Again, I had the same surreal feeling of looking at myself from the outside, almost from a different realm; this time with an even deeper insight and revelation. I feel and understand even more now than ever before...
I wanted to go home, hug my husband and kids, and mend fences with someone very close to me.
Goodness and Favour
Even before I could recover from travel fatigue, I was off on another trip two days later, this time with my two cousins, Angela and June - something we'd planned very early in the year. I managed to squeeze in a session of acupuncture and TCM over the weekend to alleviate the "condition" which seemed to have been exacerbated and the hobble is becoming a more unbecoming trait.
What goodness and blessing and favour awaited me on this trip !
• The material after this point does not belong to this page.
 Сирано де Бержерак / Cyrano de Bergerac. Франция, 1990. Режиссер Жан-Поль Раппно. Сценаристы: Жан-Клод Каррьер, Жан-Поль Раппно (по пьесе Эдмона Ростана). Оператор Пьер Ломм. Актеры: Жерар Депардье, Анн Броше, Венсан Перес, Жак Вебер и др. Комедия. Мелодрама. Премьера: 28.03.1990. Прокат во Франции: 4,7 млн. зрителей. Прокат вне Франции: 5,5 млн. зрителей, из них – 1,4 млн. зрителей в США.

We had the benefit of a guide and driver, who worked for the family of Angela's student. He brought us to places with local flavor, showed us the family farming grounds, treated us to his brother's gelato delights, and much more! He was a friend, and we enjoyed his company. On days when he had to attend to the family's business and could not be with us, we enjoyed our resort's free shuttle bus and ferry services. We had 90 minutes of Thai massage everyday and indulged ourselves silly!
It was a lovely period of bonding with two people who meant a lot to me, the sisters I did not have. Time seemed to stand still, and they did not seem to mind that I walked slowly and clumsily.
Now I Can See
I am reminded of Jacob who wrestled with God, had a hip socket misalignment, and changed his name to Israel after he received a blessing and a revelation.
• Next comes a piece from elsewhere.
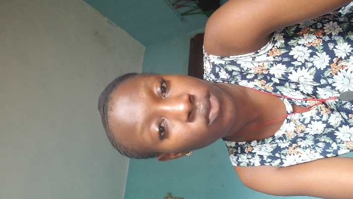 A single adult female subject is depicted in a frontal, chest-up image, situated indoors in the city of Unknown, Unknown. The subject has dark skin, with dark hair pulled back, appearing to be covered by a dark cap or net. Small, circular, light-toned hoop earrings are present in both ears. She wears a sleeveless dark blue top patterned with white and light orange floral designs. A red cord necklace, from which a dark, oblong pendant hangs, is visible on her chest. The subject maintains a neutral facial expression, looking directly into the camera. The immediate background consists of a light blue-green painted wall and a light-colored ceiling. A light-toned, cross-shaped object is partially visible on the wall to the subject's upper left. Darker discolorations or stains are present on the wall, particularly in the upper right quadrant of the image. Additional items, possibly fabric or bags, are partially visible hanging on the wall to the subject's right. The scene is evenly lit by ambient light.

I am humbled and awed by the ways of the Holy Spirit who has dealt with me so gently and graciously.
It is not pleasant to be treated like you are invisible, or ignored, or to be the object of another's impatience or irritation. I did not understand or feel before and I have been guilty so many times of this attitude.
I now know the true meaning of empathy, of being in the shoes of someone lesser, of loving and accepting, of growing up and moving on, towards better relationships and embracing differences.